That is an issue that we have right now. If you do drive-mirror in
absolute-paths mode with sync=full, the target will have the backing
chain of the source. This is something that this patch fixes.

In fact, I think if you do drive-mirror in existing mode or
blockdev-mirror and the target image does not have a backing file
(whatever sync mode you have used), the same will happen.

Max

> bdrv_open_backing_file() is used because what we want to do is to
> "undo" the BDRV_O_NO_BACKING flag used by qmp_drive_mirror.
> 
> If the contents change under the guest feet, it's the layers above
> QEMU that have screwed up.
> 
> Paolo
>
Max Reitz June 8, 2016, 2:42 p.m. UTC | #6
On 08.06.2016 16:40, Max Reitz wrote:
> On 08.06.2016 13:28, Paolo Bonzini wrote:
>>
>>
>> ----- Original Message -----
>>> From: "Kevin Wolf" <kwolf@redhat.com>
>>> To: "Max Reitz" <mreitz@redhat.com>
>>> Cc: qemu-block@nongnu.org, qemu-devel@nongnu.org, "Fam Zheng" <famz@redhat.com>, nsoffer@redhat.com,
>>> eblake@redhat.com, pbonzini@redhat.com
>>> Sent: Wednesday, June 8, 2016 11:32:29 AM
>>> Subject: Re: [PATCH v2 2/3] block/mirror: Fix target backing BDS
>>>
>>> Am 06.06.2016 um 16:42 hat Max Reitz geschrieben:
>>>> Currently, we are trying to move the backing BDS from the source to the
>>>> target in bdrv_replace_in_backing_chain() which is called from
>>>> mirror_exit(). However, mirror_complete() already tries to open the
>>>> target's backing chain with a call to bdrv_open_backing_file().
>>>>
>>>> First, we should only set the target's backing BDS once. Second, the
>>>> mirroring block job has a better idea of what to set it to than the
>>>> generic code in bdrv_replace_in_backing_chain() (in fact, the latter's
>>>> conditions on when to move the backing BDS from source to target are not
>>>> really correct).
>>>>
>>>> Therefore, remove that code from bdrv_replace_in_backing_chain() and
>>>> leave it to mirror_complete().
>>>>
>>>> However, mirror_complete() in turn pursues a questionable strategy by
>>>> employing bdrv_open_backing_file(): On the one hand, because this may
>>>> open the wrong backing file with drive-mirror in "existing" mode, or
>>>> because it will not override a possibly wrong backing file in the
>>>> blockdev-mirror case.
>>>
>>> Careful, this "wrong" backing file might actually be intended!
>>>
>>> Consider a case where you want to move an image with its whole backing
>>> chain to different storage. In that case, you would copy all of the
>>> backing files (cp is good enough, they are read-only), create the
>>> destination image which already points at the copied backing chain, and
>>> then mirror in "existing" mode.
>>>
>>> The intention is obviously that after the job completion the new backing
>>> chain is used and not the old one.
>>
>> Yes, this is the intention and it should not be changed.  In addition
>> to what Kevin said, you can use drive-mirror to collapse the image to a
>> single file; in this case, QEMU should not be using the backing files of
>> the source.
> 
> That is an issue that we have right now. If you do drive-mirror in
> absolute-paths mode with sync=full, the target will have the backing
> chain of the source. This is something that this patch fixes.
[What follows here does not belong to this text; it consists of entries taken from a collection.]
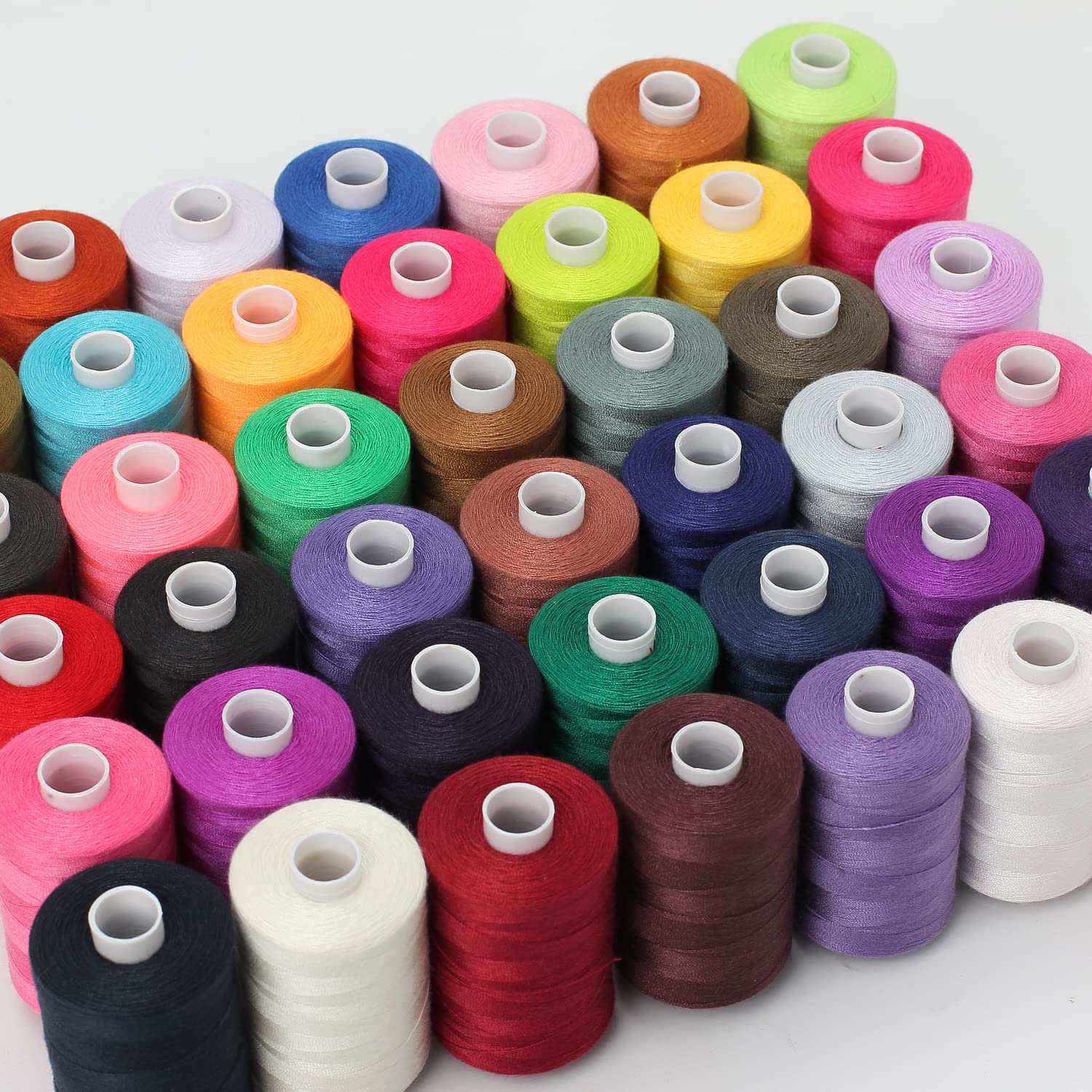 糸の太さ:60番。糸の長さ:1000ヤード(約914.4m)/巻,合計42巻-38404.8m。素材:ポリエステル。梱包サイズ:26.7X22.5X6.3cm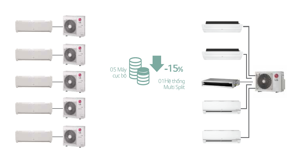 Bạn có biết giá của 5 máy cục bộ đắt hơn 1 hệ thống Multi Split? So với giá máy cục bộ, việc sử dụng hệ thống Multi Split sẽ giúp tiết kiệm đến 15% chi phí.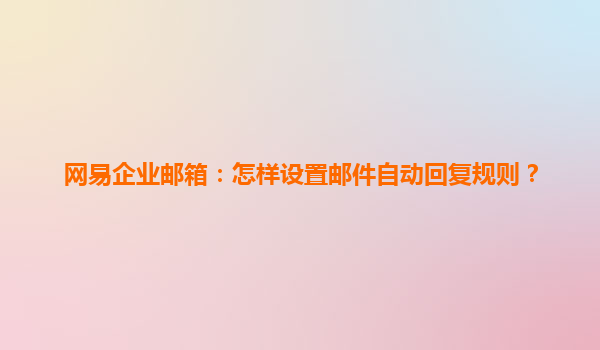 如何在网易企业邮箱中设置邮件自动回复规则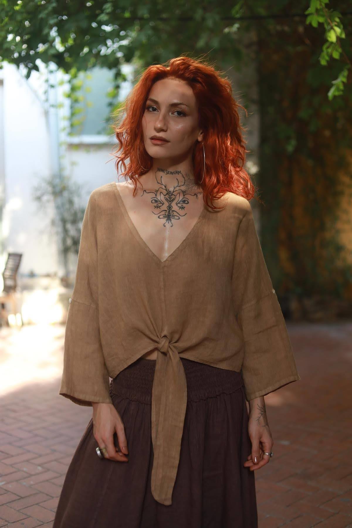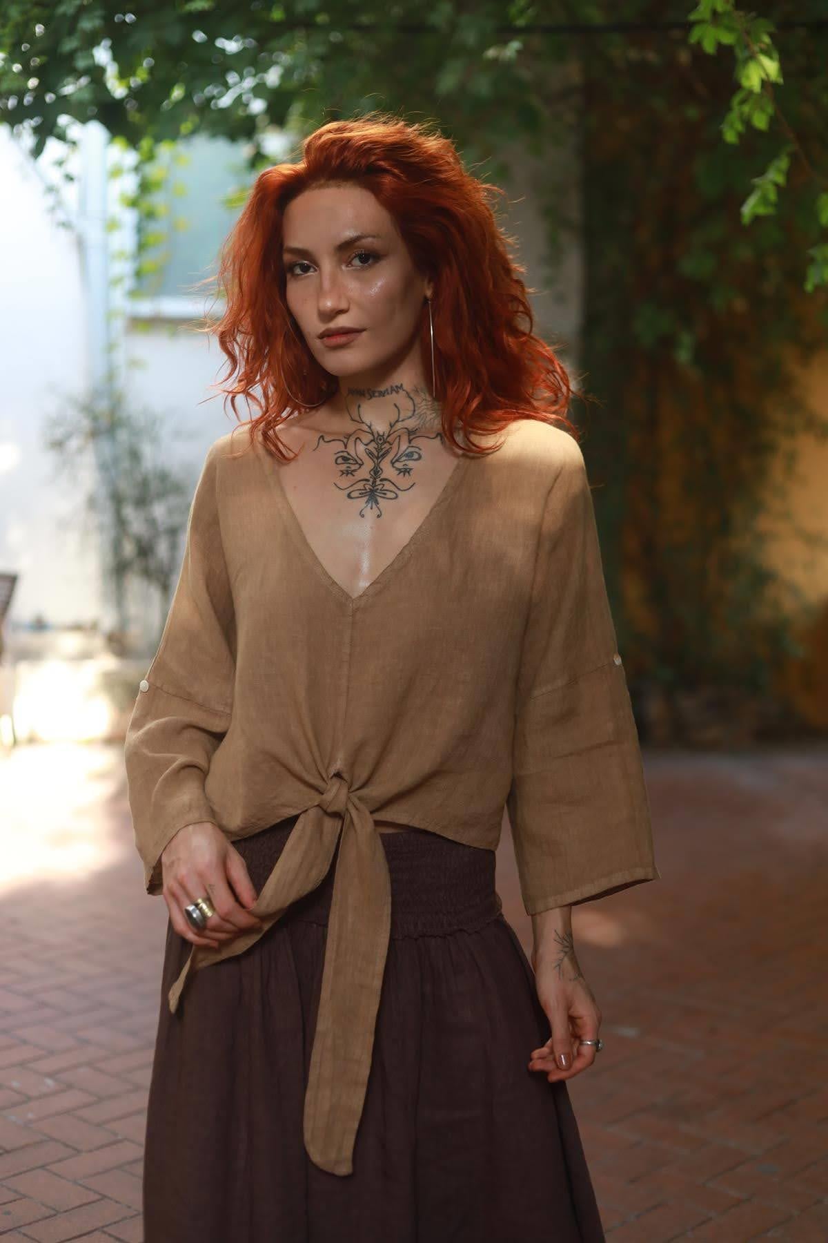 Camel Rengi Derin V Yaka Önü Bağlamalı Keten Bluz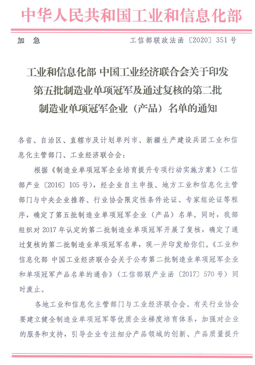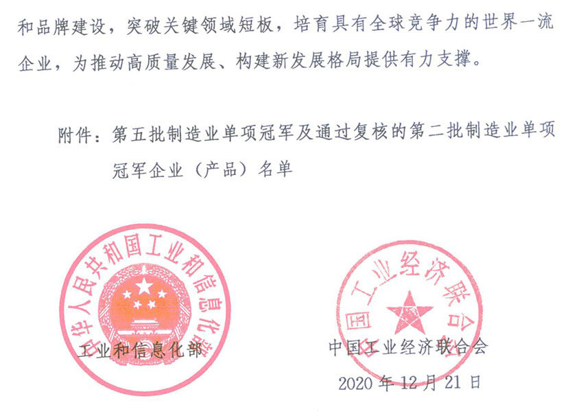 再次奪得“制造業(yè)單項(xiàng)冠軍示范企業(yè)”稱號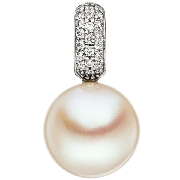 Einhänger / Anhänger aus 8 Karat (333) Weißgold, mit einer Süßwasser-Zuchtperle und 22 Zirkonia,... mehr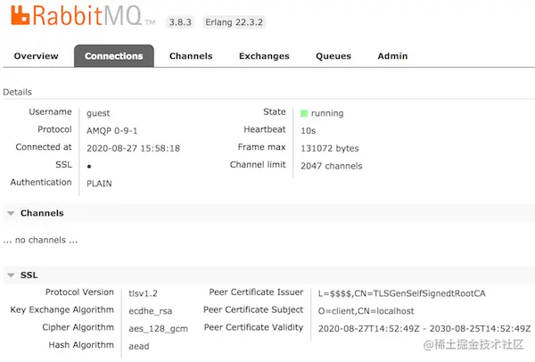 你也应该能够通过https://localhost:15671/ ,使用guest:guest 的证书访问用户界面。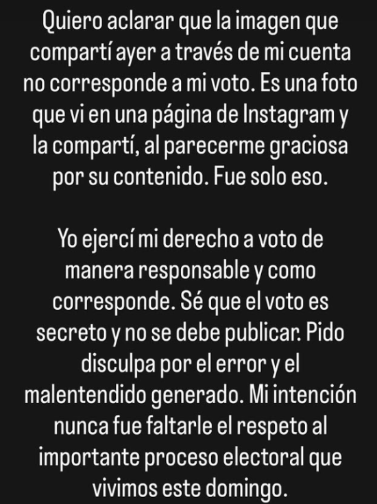 A raíz del ruido que generó la situación, Pavez pidió disculpas por lo ocurrido y aclaró que "la imagen que compartí a través de mi cuenta no corresponde a mi voto".

As a clarification: I mean the backing chain inside QEMU (in the BDS
graph), not the on-disk backing chain, i.e. how the physical image files
link to each other.

Max

> In fact, I think if you do drive-mirror in existing mode or
> blockdev-mirror and the target image does not have a backing file
> (whatever sync mode you have used), the same will happen.
> 
> Max
> 
>> bdrv_open_backing_file() is used because what we want to do is to
>> "undo" the BDRV_O_NO_BACKING flag used by qmp_drive_mirror.
>>
>> If the contents change under the guest feet, it's the layers above
>> QEMU that have screwed up.
>>
>> Paolo
>>
> 
>
Nir Soffer June 8, 2016, 3:39 p.m. UTC | #7
On Wed, Jun 8, 2016 at 12:32 PM, Kevin Wolf <kwolf@redhat.com> wrote:
> Am 06.06.2016 um 16:42 hat Max Reitz geschrieben:
>> Currently, we are trying to move the backing BDS from the source to the
>> target in bdrv_replace_in_backing_chain() which is called from
>> mirror_exit(). However, mirror_complete() already tries to open the
>> target's backing chain with a call to bdrv_open_backing_file().
>>
>> First, we should only set the target's backing BDS once. Second, the
>> mirroring block job has a better idea of what to set it to than the
>> generic code in bdrv_replace_in_backing_chain() (in fact, the latter's
>> conditions on when to move the backing BDS from source to target are not
>> really correct).
>>
>> Therefore, remove that code from bdrv_replace_in_backing_chain() and
>> leave it to mirror_complete().
>>
>> However, mirror_complete() in turn pursues a questionable strategy by
>> employing bdrv_open_backing_file(): On the one hand, because this may
>> open the wrong backing file with drive-mirror in "existing" mode, or
>> because it will not override a possibly wrong backing file in the
>> blockdev-mirror case.
>>
>> On the other hand, we want to reuse the existing backing chain of the
>> source instead of opening everything anew, because the latter results in
>> having multiple BDSs for a single physical file and thus potentially
>> concurrent access which we should try to avoid.
>
> Careful, this "wrong" backing file might actually be intended!
>
> Consider a case where you want to move an image with its whole backing
> chain to different storage. In that case, you would copy all of the
> backing files (cp is good enough, they are read-only), create the
> destination image which already points at the copied backing chain, and
> then mirror in "existing" mode.
>
> The intention is obviously that after the job completion the new backing
> chain is used and not the old one.
>
> I know that such cases were discussed when mirroring was introduced, I'm
> not sure whether it's actually used. We need some input there:
>
> Eric, can you tell us whether libvirt makes use of such a setup?
>
> Nir, I'm not sure who is the right person in oVirt these days, but do
> you either know yourself whether oVirt requires this to work, or do you
> know who else would know?

I'm the right person, thanks for keeping me in the loop.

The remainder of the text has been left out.